Şuan gülerek bizimkilerin haline bakıyordum. Twister oynuyorlardı ve şuan garip bir şekle girdiler bile.
" Ege! Bir taraflarını bir taraflarımdan çekermisin! " Ezgi'nin bu lafı üzerine büyük bir kahkaha patlatıp gülmeye devam ettim.
" Elimde olan bir şey mi? İlayda'da arkadan bana dayıyor. Ben bir şey diyor muyum? " Gülmemi durduramazken Toprak'ın sesini duydum.
" Lan!

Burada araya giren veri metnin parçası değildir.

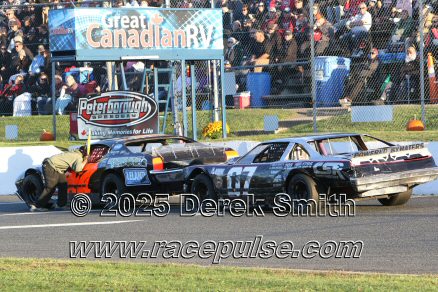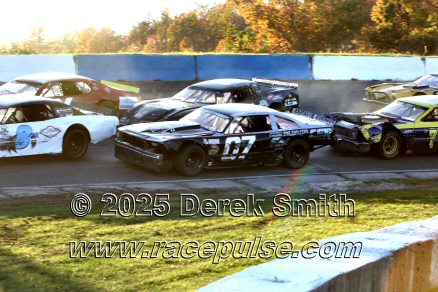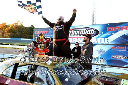 Peterborough Speedway held their annual Autumn Colours Weekend from Friday October 10 through Sunday October 12. Today started with a 167 lap race for the Pro Late Models, followed by some postponed qualifying, and features for Super Stocks, Mini Stocks, Legends, Bone Stocks, OSCAAR Modifieds and OSCAAR Hot Rods. Jake Sheridan won the Pro Late Model feature, followed by Rick Spencer-Walt, Dale Shaw, Dustin Mombourquette and Dan McHattie. Phil Givens won the Bone Stock feature, with Jo Lawrence a very close 2nd and Jordan Wilmms 3rd. Tyler Hawn won the OSCAAR Hot Rod feature, followed by Mark Gordon and Luke Gignac. Doug Butler won the Mini Stock feature, with James Townsend 2nd and Jacob Sutcliffe 3rd. Amand Balson finished first in the OSCAAR Mofifed feature, but was DQ'd in tech. Max Beyore finished next, with TJ Edwards and Jason Keen following. The top 3 in the Legends feature were Mitch Wright, Parker Travis and Adam Cuthbertson. Shawn Chenoweth won the Super Stock feature, followed by Daniel Hawn and Marlie Owen. For full official results and more info, please see Peterborough Speedway and OSCAAR with APC Series .

Çekil kardeşimin üzerinden! "
" Tamam lan tamam! " Ege sinirle ayağa kalkınca üstünde olan İlayda yere düştü. Daha doğrusu Ezgi'nin bacaklarını üstüne. Böylece Ezgi'de yüzüstü yere yapıştı.
Bu hallerini görünce karnımı tutarak gülmeye devam ettim. Gerçekten çok komiktiler.
" Sanada iyi eğlence oldu. " Ege'nin gülerek söylediği bu cümleye kafamı sallayarak cevap verdim. O sırada cebimdeki telefon titremeye başladı. Telefonu cebimden çıkarıp arayana baktım. Annem'di. Ayağa kalkıp odadan çıktım ve aramayı cevapladım.
" Alo. Anne. "
" Masal... Masal gelmen lazım. " Annemin ağlayarak söylediği bu cümle kaşlarımı çatmama neden oldu.
" Anne ne oluyor? Sen iyi misin? " Annemden hıçkırık sesi geldikten sonra konuşmaya başladı.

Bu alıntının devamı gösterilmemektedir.